A previous meta-analysis on genetics of personality traits in several species has indicated that different personality traits may be characterized by different heritabilities, for example, the heritability of exploratory behavior is higher than the heritability of other traits, like aggression and activity18. However, this does not appear to be the case for bonobos as the heritability estimates for OpennessB and OpennessR are quite low and the heritability estimates for SociabilityB, ConscientiousnessR and AttentivenessR are higher, although the difference is modest. Furthermore, as environmental factors and selection pressures differ for captive and wild populations, the heritability estimates for personality traits in our study cannot directly be extrapolated to the wild. This stresses the importance of studies such as this one in wild populations10,11,13. Nonetheless, our results indicate a genetic basis for personality in captive bonobos, and are encouraging for those who seek to identify what genetic variants are associated with personality variation.

In line with our previous study26, 11 Avpr1a alleles were found in the bonobos studied here, with a total length variation of 26 bp between the shortest and longest allele. Avpr1a genotype was associated with AttentivenessR. Bonobos with two long alleles scored higher on this trait than conspecifics with at least one short allele. AttentivenessR describes high levels of intelligence, including “being highly attentive to both social and non-social cues”. As the chimpanzee Conscientiousness dimension appears to have split up into AttentivenessR and ConscientiousnessR in bonobos, we cannot directly compare our results to previous Avpr1a and personality associations in chimpanzees16,30,34. However, as AttentivenessR overlaps with the chimpanzee Conscientiousness factor, our results support the association between longer Avpr1a alleles and higher Conscientiousness found in chimpanzees16. These results potentially indicate that the association between Avpr1a and Conscientiousness found in chimpanzees is more driven by the item loadings that make up the bonobo AttentivenessR dimension.

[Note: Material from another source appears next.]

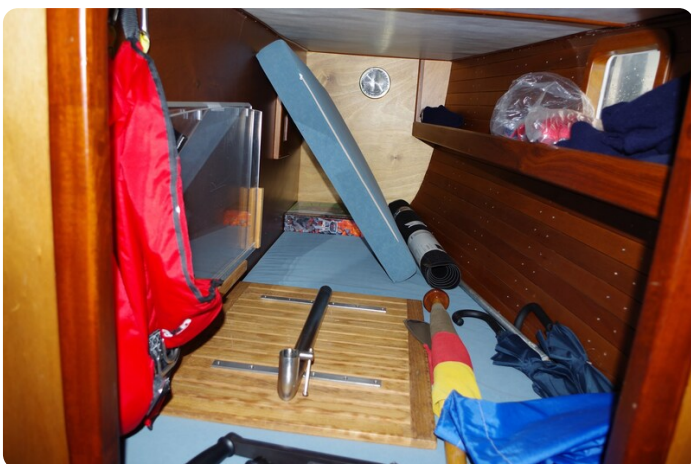
Skorpion II ESTRELLA 54

Furthermore, based on the description of the AttentivenessR factor in bonobos, it is likely that zookeepers who frequently interact with their animals, rate bonobo AttentivenessR based on their responsiveness during training and feeding sessions. In line with this, experimental testing in male chimpanzees has shown that individuals with a DupB+ allele are more responsive to socio-communicative cues of humans compared to males homozygous for the DupB deletion31. Bonobos are also known to outperform chimpanzees in tasks related to theory of mind43 and are better at gaze-following44. Our results indicate that variation in Avpr1a may be associated with within-species differences in social responsiveness, and potentially with differences between bonobos and chimpanzees. However, to conclude that this is the case requires that further evidence, using identical measures to assess social responsiveness, is collected in bonobos and chimpanzees.

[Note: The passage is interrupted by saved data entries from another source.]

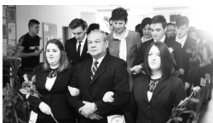
Búcsú a Klebitől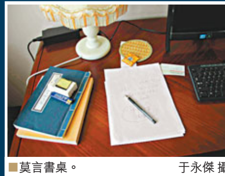
■莫言書桌。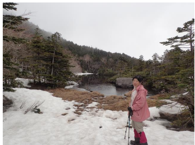
セツ池。景色よいが、先へは行けない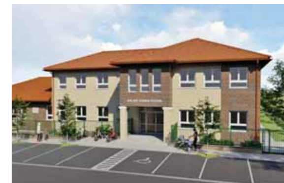
Az új óvodaépület látványterve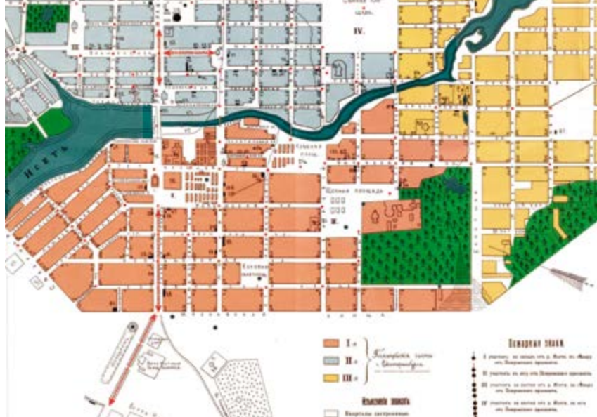
^ План города Екатеринбурга 1910 года с указанием бульваров

буржуа, чиновники и разночинцы. Появление на бульваре светского льва или львицы было событием: бульвардье обсуждали, как он или она были одеты, с кем вели беседу, в какое кафе зашли.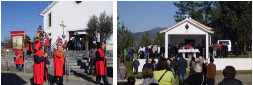
Figura 6. Festa de São Sebastião, em 2011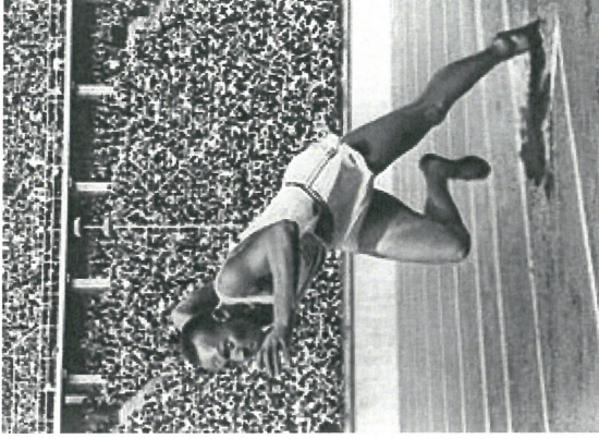
Owens beim Start zum 200-Meter-Lauf im Olympiastadion Berlin 1936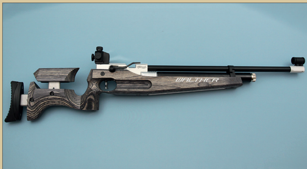
Das Walther LG 400 Junior Universal.

The second significant association found was between RS3 genotype and OpennessB, a personality trait derived from codings that comprised behaviors related to curiosity and exploration35. Although this factor was similar to OpennessR in its composition and was strongly and positively correlated with it, the effect was only significant for the coded factor. As the sample for the coded factor was much smaller than that for the rated factor, this may be a false positive result45. However, as we noted earlier, it is also possible that these personality dimensions measure somewhat different aspects of Openness or represent a different hierarchical level of the larger Openness domain. If not a false positive, then it is consistent with results from studies in rodents, where vasopressin is known to promote anxiety-like behaviors46,47 leading to a reduction in exploratory behavior46,47,48.

If in bonobos, as in humans, longer RS3 alleles are associated with increased transcription of Avpr1a49, this may promote anxiety related behaviors and therefore reduce levels of exploratory behavior that defines OpennessB. In chimpanzees, a recent study found an association between the presence of DupB and an increase in anxiety-related scratching50. Behavioral studies further indicate that anxiety levels are higher in bonobos than in chimpanzees, as bonobos are more risk averse51 and neophobic in non-social contexts52. Anecdotal evidence also suggests that bonobos are more sensitive to captivity-induced stress than are chimpanzees53. Combined, these studies support our interpretation of our finding that higher frequencies of DupB+ alleles in bonobos are related to their lower OpennessB via increased levels of anxiety. Again, a study that uses comparable measures for anxiety and/or Openness is needed to make claims about the actual size of interspecies differences in these traits.

By providing evidence for associations between RS3 microsatellite length variations and individual variation in bonobo personality this study contributes to our knowledge of what proximate mechanisms are shaping stable individual behavioral differences in this species. As both the association with AttentivenessR and OpennessB are consistent with previous findings on genotype associations with personality dimensions and behaviors in chimpanzees16,31,50, our results support our hypothesis that differences in Avpr1a partly explain differences in the behaviors and personalities of bonobos and chimpanzees.


Behavioral codings

Coding data were collected from 2012 to 2014 for 46 adolescent and adult captive bonobos (28 females and 18 males aged between 7 and 63 years old) housed in 6 European zoological parks: Planckendael in Mechelen-Belgium, Apenheul in Apeldoorn-the Netherlands, Twycross Zoo World Primate Center in the United Kingdom, Wuppertal Zoo in Germany, Frankfurt Zoo in Germany and Wilhelma Zoological and Botanical Garden in Stuttgart-Germany. All groups contained juveniles and/or infants, which were excluded from the analysis. Data were collected by NS and 8 students under her supervision. Inter-observer reliabilities reached a mean of r = 0.86 across all observers, and so the observations were highly reliable54. The methods of observation and data extraction were identical in all zoos (for details see 36).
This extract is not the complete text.